▸ **DIRECTIONS FOR THIS TASK**
This exercise calls for the line with "Molesto por las", the line with "Usually a maximum", and all lines between them in the material below, output exactly and with no other lines.

▸ **RECORDS SHOWN**
__________________________________________________

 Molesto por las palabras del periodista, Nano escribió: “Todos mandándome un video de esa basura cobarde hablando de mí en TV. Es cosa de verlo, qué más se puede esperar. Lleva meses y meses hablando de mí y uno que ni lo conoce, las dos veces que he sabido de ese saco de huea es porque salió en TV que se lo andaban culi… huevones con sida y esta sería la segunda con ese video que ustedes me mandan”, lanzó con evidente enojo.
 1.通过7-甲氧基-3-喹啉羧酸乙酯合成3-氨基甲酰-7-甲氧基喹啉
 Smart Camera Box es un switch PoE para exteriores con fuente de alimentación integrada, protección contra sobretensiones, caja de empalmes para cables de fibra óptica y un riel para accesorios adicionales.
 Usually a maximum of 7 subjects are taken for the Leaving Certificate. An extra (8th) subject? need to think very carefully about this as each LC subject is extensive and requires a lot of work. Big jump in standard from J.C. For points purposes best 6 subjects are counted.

__________________________________________________

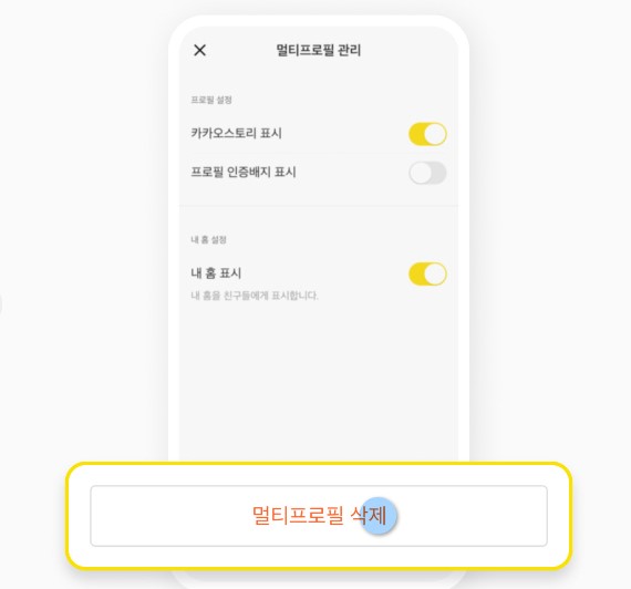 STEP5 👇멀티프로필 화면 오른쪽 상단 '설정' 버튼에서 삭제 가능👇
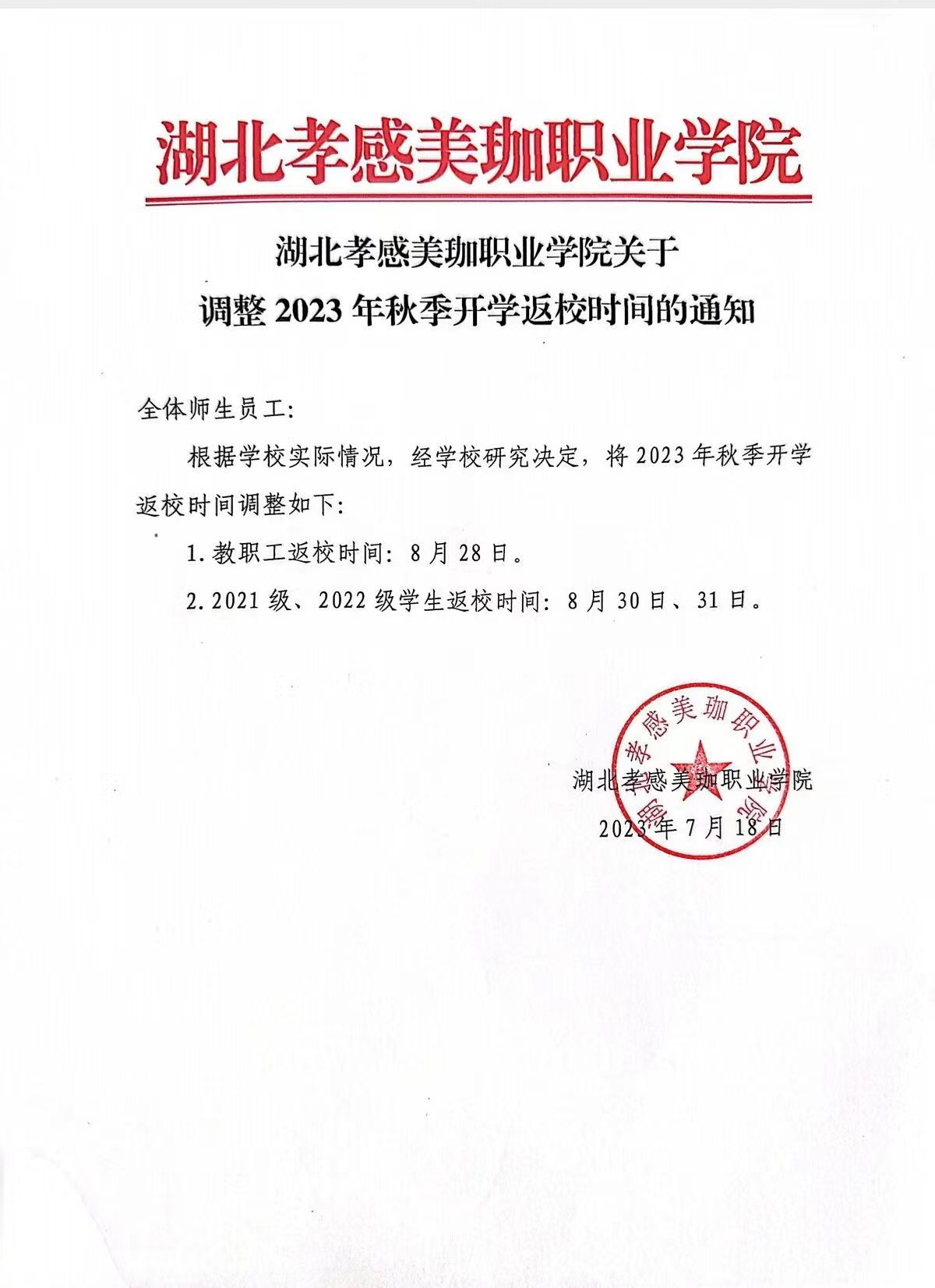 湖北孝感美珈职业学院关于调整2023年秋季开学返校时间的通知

__________________________________________________

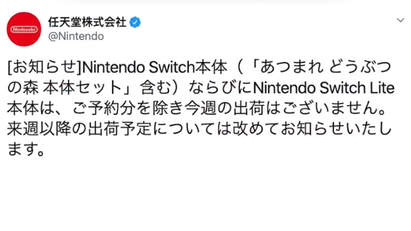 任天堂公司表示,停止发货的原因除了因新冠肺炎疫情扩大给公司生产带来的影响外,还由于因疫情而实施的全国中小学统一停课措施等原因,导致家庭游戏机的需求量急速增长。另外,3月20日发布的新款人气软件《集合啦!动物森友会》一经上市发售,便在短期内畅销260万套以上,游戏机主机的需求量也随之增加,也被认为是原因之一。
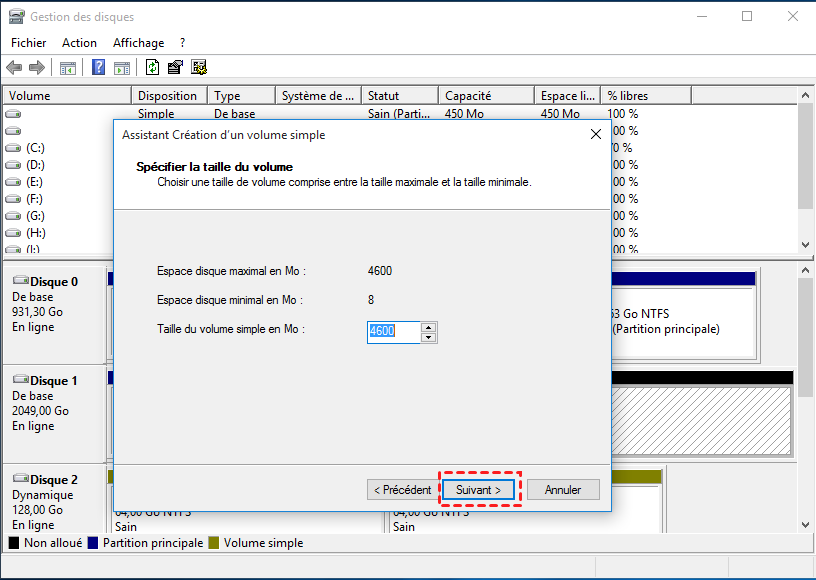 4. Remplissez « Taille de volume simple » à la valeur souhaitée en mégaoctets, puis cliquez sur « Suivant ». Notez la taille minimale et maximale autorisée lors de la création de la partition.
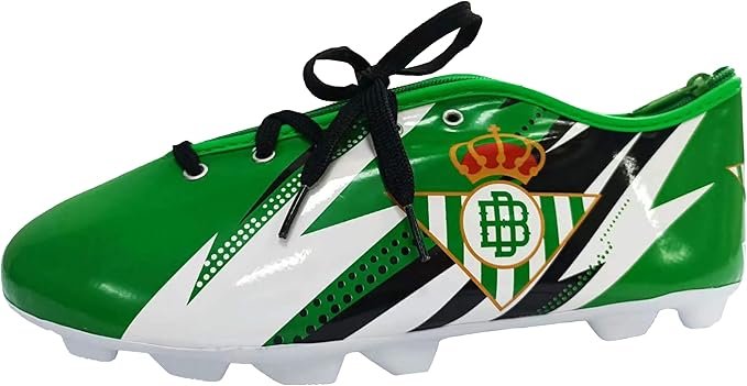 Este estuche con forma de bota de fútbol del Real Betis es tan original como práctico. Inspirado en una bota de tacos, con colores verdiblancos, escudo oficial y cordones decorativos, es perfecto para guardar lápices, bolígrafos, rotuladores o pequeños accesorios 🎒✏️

__________________________________________________

▸ **EXERCISE RESPONSE**
 Molesto por las palabras del periodista, Nano escribió: “Todos mandándome un video de esa basura cobarde hablando de mí en TV. Es cosa de verlo, qué más se puede esperar. Lleva meses y meses hablando de mí y uno que ni lo conoce, las dos veces que he sabido de ese saco de huea es porque salió en TV que se lo andaban culi… huevones con sida y esta sería la segunda con ese video que ustedes me mandan”, lanzó con evidente enojo.
 1.通过7-甲氧基-3-喹啉羧酸乙酯合成3-氨基甲酰-7-甲氧基喹啉
 Smart Camera Box es un switch PoE para exteriores con fuente de alimentación integrada, protección contra sobretensiones, caja de empalmes para cables de fibra óptica y un riel para accesorios adicionales.
 Usually a maximum of 7 subjects are taken for the Leaving Certificate. An extra (8th) subject? need to think very carefully about this as each LC subject is extensive and requires a lot of work. Big jump in standard from J.C. For points purposes best 6 subjects are counted.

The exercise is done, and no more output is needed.